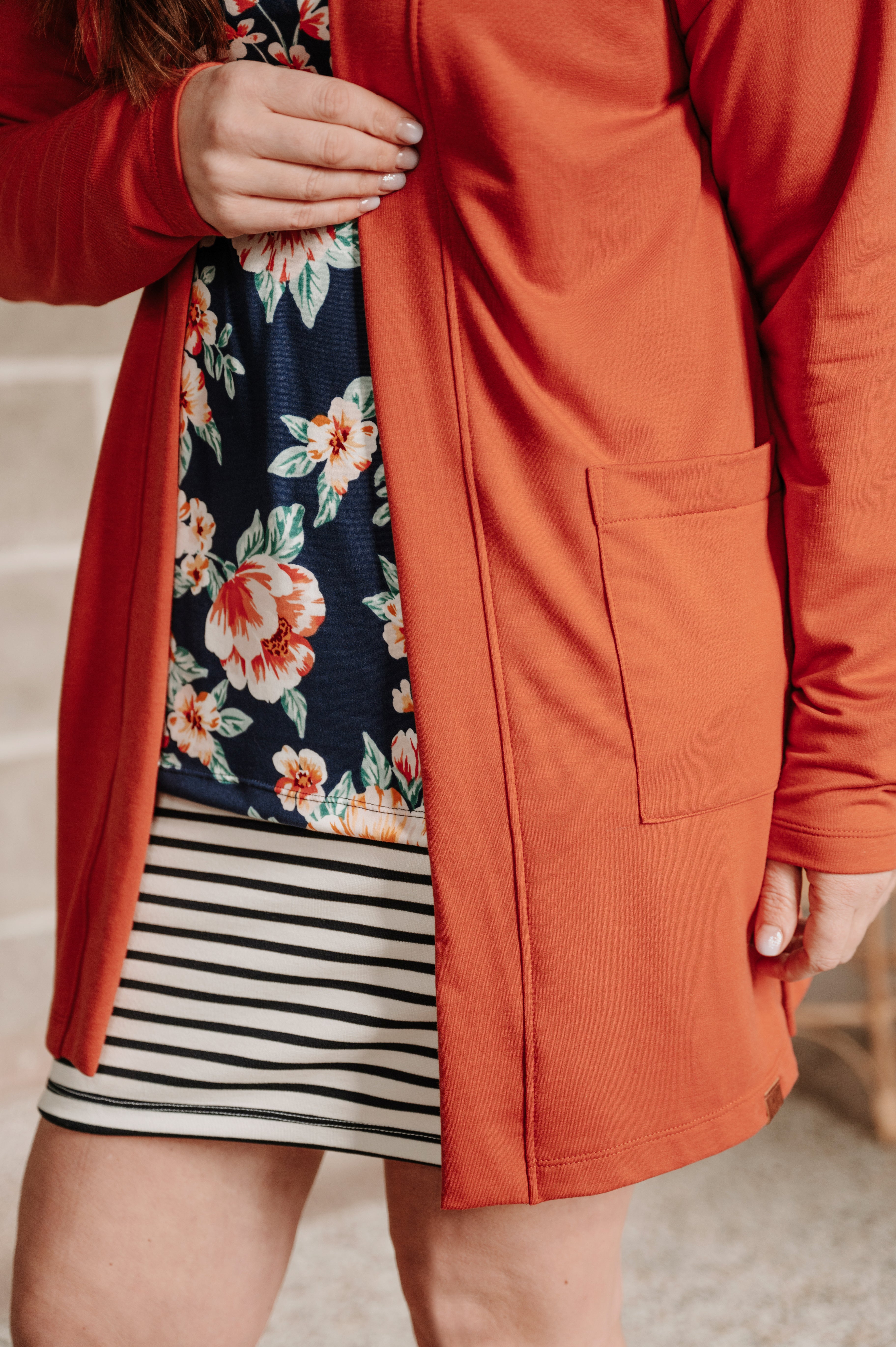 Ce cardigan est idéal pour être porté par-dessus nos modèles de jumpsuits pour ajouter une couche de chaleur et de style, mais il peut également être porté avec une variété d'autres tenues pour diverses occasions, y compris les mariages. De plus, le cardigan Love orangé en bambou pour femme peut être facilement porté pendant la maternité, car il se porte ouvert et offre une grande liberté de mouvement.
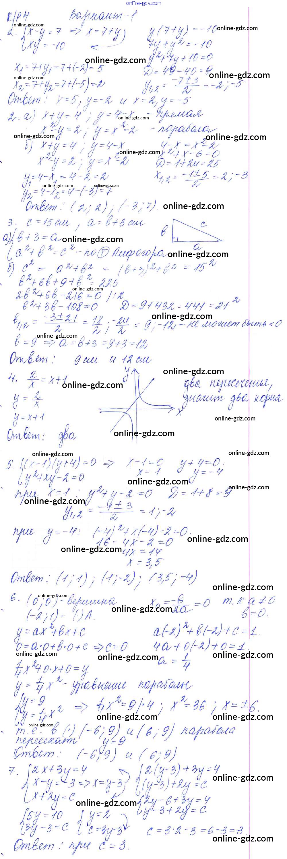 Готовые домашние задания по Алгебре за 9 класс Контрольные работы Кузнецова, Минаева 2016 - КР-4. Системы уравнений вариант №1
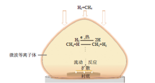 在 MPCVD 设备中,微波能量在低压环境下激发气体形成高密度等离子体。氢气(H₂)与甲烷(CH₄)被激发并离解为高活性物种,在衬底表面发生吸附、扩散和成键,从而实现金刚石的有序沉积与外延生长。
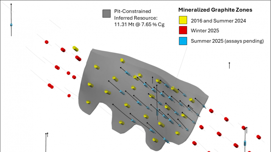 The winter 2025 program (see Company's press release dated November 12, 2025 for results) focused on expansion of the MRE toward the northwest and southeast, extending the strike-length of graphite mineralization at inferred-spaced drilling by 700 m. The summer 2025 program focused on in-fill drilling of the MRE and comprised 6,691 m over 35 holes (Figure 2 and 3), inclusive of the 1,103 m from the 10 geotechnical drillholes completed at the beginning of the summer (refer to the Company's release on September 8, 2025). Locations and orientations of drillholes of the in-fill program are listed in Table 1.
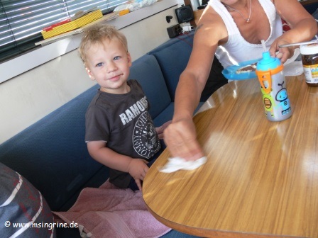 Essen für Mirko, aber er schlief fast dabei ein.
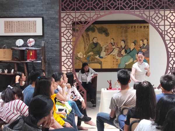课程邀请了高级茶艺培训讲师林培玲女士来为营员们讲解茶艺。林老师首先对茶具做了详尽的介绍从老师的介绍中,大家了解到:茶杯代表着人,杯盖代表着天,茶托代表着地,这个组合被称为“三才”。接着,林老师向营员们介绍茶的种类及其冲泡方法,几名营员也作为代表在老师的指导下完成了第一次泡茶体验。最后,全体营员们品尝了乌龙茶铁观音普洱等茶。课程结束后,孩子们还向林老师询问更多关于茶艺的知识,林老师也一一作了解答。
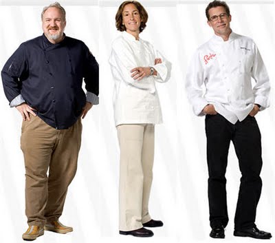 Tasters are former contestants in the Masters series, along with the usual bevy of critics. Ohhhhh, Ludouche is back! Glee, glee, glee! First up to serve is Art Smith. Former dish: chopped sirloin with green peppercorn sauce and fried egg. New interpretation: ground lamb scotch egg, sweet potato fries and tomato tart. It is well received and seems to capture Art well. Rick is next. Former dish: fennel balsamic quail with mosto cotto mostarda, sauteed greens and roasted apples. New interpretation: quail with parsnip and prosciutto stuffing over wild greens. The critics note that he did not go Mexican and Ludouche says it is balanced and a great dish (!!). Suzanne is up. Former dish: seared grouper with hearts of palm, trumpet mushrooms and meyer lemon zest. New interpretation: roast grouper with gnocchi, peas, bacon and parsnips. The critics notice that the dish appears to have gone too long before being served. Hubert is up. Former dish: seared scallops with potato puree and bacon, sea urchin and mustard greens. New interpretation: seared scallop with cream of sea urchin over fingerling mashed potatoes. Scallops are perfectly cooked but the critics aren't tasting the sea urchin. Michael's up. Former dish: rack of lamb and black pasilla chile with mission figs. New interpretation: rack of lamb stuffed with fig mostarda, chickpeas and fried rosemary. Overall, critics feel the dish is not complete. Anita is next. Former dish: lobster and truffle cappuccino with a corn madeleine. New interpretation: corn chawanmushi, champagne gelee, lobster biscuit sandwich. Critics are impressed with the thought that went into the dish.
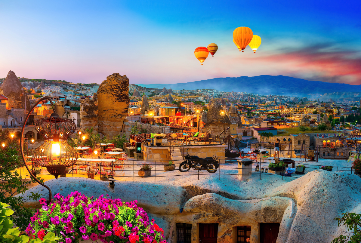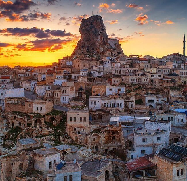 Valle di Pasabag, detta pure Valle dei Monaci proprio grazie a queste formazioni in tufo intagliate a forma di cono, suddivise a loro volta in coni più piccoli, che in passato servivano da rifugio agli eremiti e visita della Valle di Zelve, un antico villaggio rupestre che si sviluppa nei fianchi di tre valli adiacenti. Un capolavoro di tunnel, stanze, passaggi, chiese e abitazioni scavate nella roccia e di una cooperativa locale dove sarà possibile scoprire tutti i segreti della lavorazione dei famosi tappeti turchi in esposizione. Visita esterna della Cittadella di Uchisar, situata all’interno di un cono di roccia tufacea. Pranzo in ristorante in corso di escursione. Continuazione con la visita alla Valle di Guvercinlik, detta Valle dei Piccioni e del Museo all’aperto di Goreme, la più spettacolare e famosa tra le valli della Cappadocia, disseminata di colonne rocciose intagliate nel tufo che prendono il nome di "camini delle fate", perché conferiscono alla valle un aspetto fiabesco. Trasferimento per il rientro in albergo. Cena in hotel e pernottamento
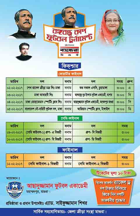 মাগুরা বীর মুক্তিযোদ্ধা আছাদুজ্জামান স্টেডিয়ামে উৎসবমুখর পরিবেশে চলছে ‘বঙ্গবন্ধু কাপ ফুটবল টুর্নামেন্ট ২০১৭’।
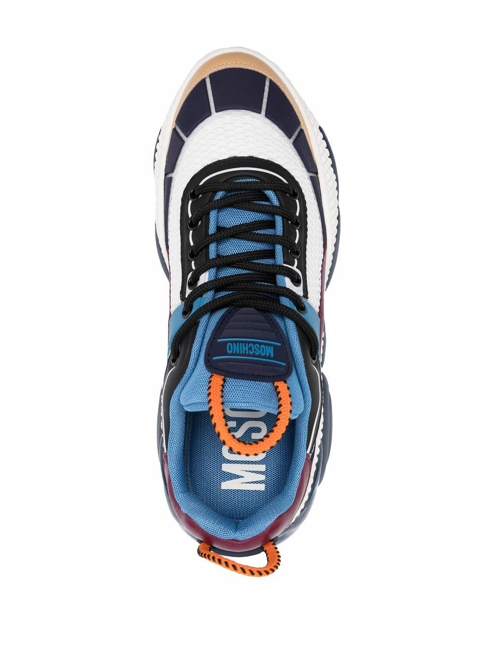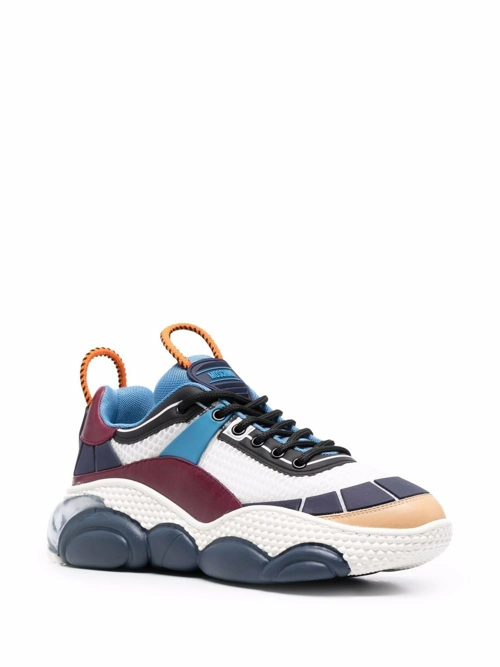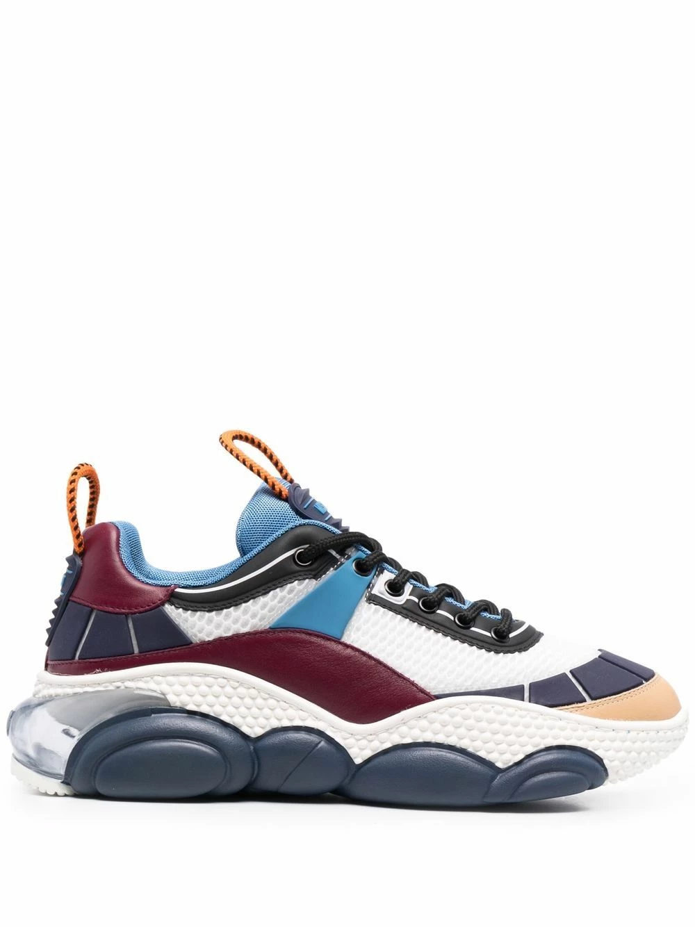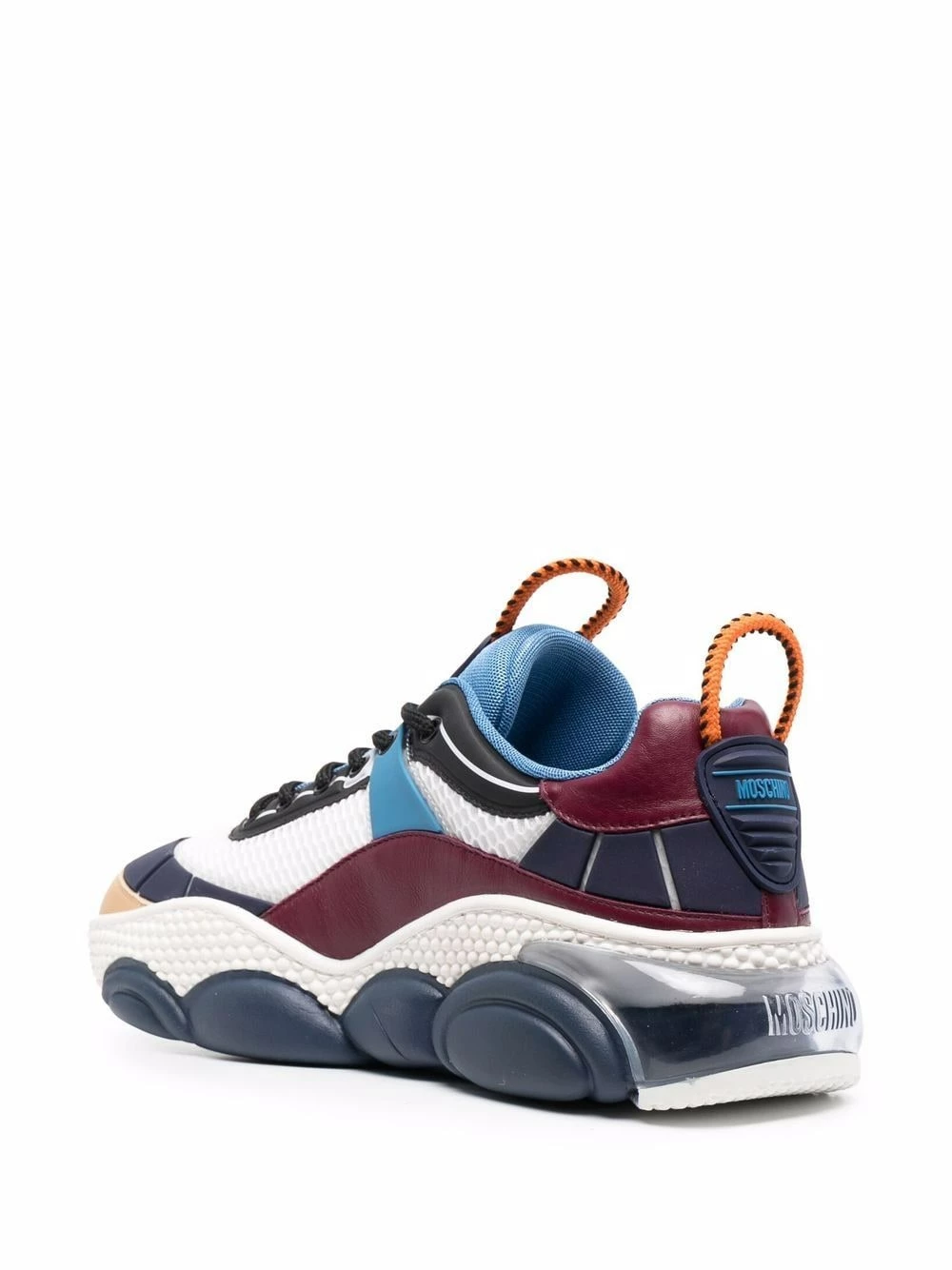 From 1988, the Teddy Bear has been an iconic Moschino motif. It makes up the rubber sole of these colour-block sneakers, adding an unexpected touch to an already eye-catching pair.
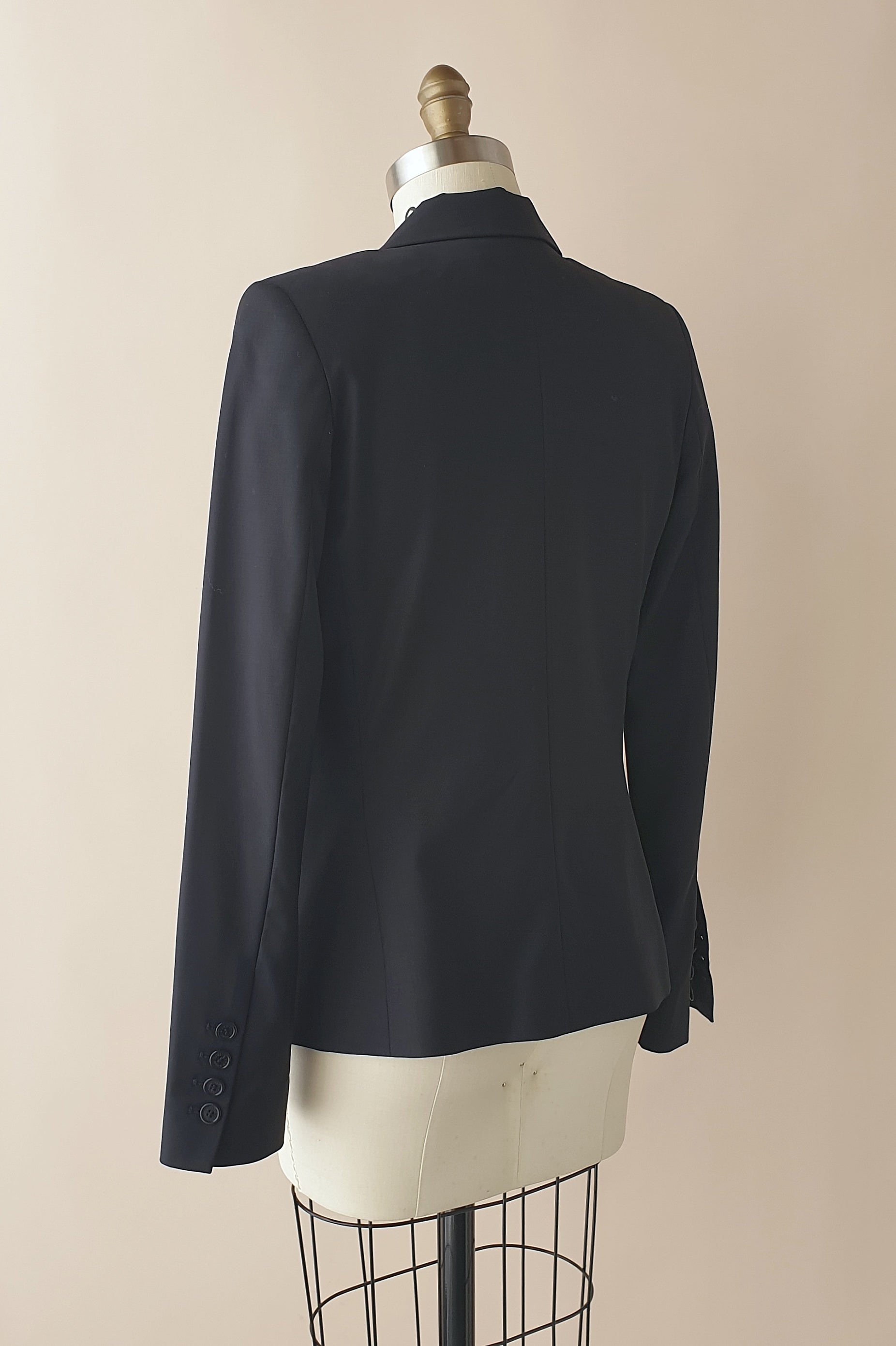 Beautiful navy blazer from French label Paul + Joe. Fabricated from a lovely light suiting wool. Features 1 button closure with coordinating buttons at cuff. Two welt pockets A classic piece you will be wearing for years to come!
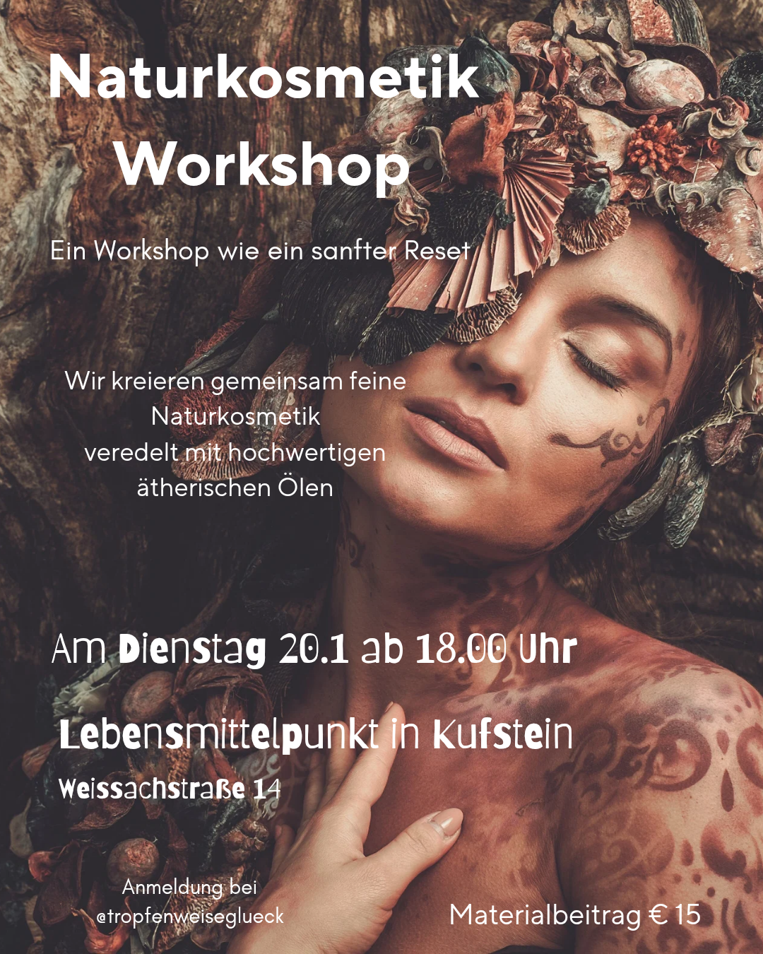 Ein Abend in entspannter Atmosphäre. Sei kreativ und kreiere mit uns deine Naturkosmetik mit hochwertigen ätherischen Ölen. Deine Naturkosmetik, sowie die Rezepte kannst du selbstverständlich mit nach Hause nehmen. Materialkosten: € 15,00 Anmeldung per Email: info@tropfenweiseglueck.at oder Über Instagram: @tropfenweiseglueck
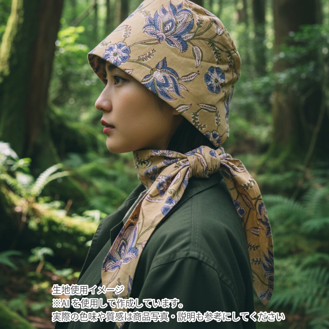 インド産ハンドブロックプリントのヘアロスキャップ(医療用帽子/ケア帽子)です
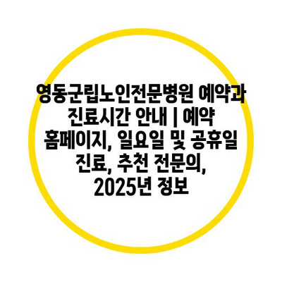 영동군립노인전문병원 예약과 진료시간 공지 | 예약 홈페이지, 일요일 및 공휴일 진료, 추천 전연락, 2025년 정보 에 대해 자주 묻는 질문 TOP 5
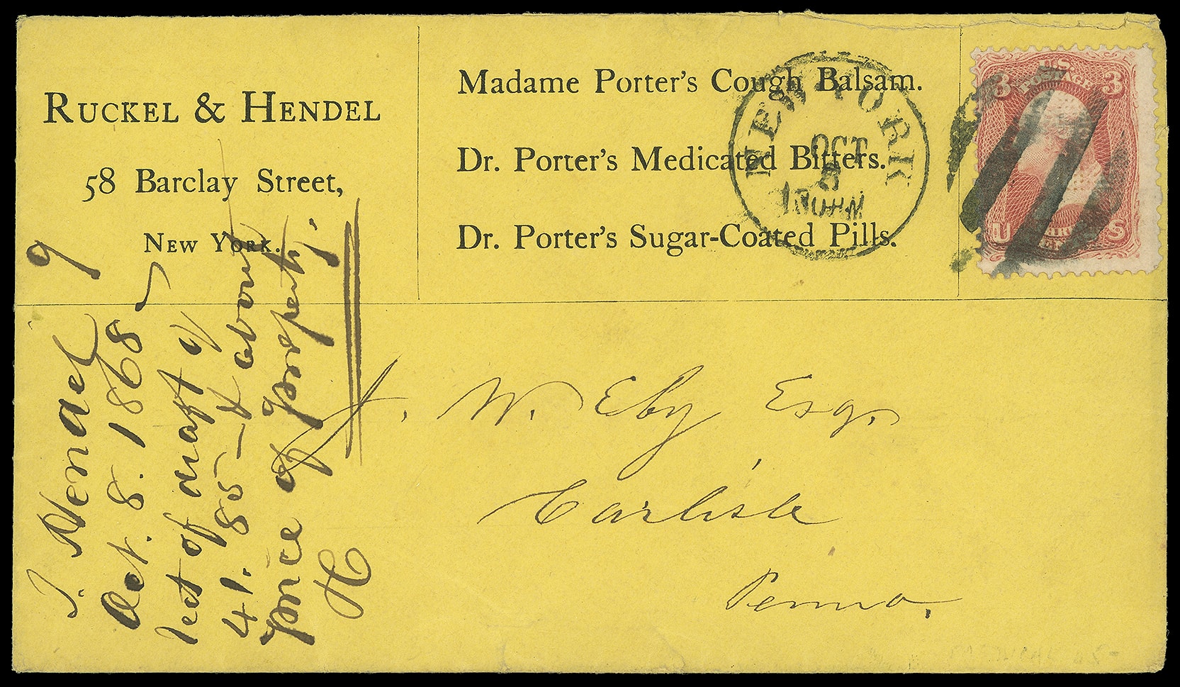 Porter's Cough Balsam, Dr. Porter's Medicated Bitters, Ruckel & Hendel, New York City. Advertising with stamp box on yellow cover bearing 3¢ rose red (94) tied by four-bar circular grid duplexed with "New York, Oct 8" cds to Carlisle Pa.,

## Try it
Print exactly what appears from the first line of the listing above down to the line containing "Essen für Mirko, aber", inclusive, and leave out all pictures.

## Task answer
 Ce cardigan est idéal pour être porté par-dessus nos modèles de jumpsuits pour ajouter une couche de chaleur et de style, mais il peut également être porté avec une variété d'autres tenues pour diverses occasions, y compris les mariages. De plus, le cardigan Love orangé en bambou pour femme peut être facilement porté pendant la maternité, car il se porte ouvert et offre une grande liberté de mouvement.
 Готовые домашние задания по Алгебре за 9 класс Контрольные работы Кузнецова, Минаева 2016 - КР-4. Системы уравнений вариант №1
 在 MPCVD 设备中,微波能量在低压环境下激发气体形成高密度等离子体。氢气(H₂)与甲烷(CH₄)被激发并离解为高活性物种,在衬底表面发生吸附、扩散和成键,从而实现金刚石的有序沉积与外延生长。
 The winter 2025 program (see Company's press release dated November 12, 2025 for results) focused on expansion of the MRE toward the northwest and southeast, extending the strike-length of graphite mineralization at inferred-spaced drilling by 700 m. The summer 2025 program focused on in-fill drilling of the MRE and comprised 6,691 m over 35 holes (Figure 2 and 3), inclusive of the 1,103 m from the 10 geotechnical drillholes completed at the beginning of the summer (refer to the Company's release on September 8, 2025). Locations and orientations of drillholes of the in-fill program are listed in Table 1.
 Essen für Mirko, aber er schlief fast dabei ein.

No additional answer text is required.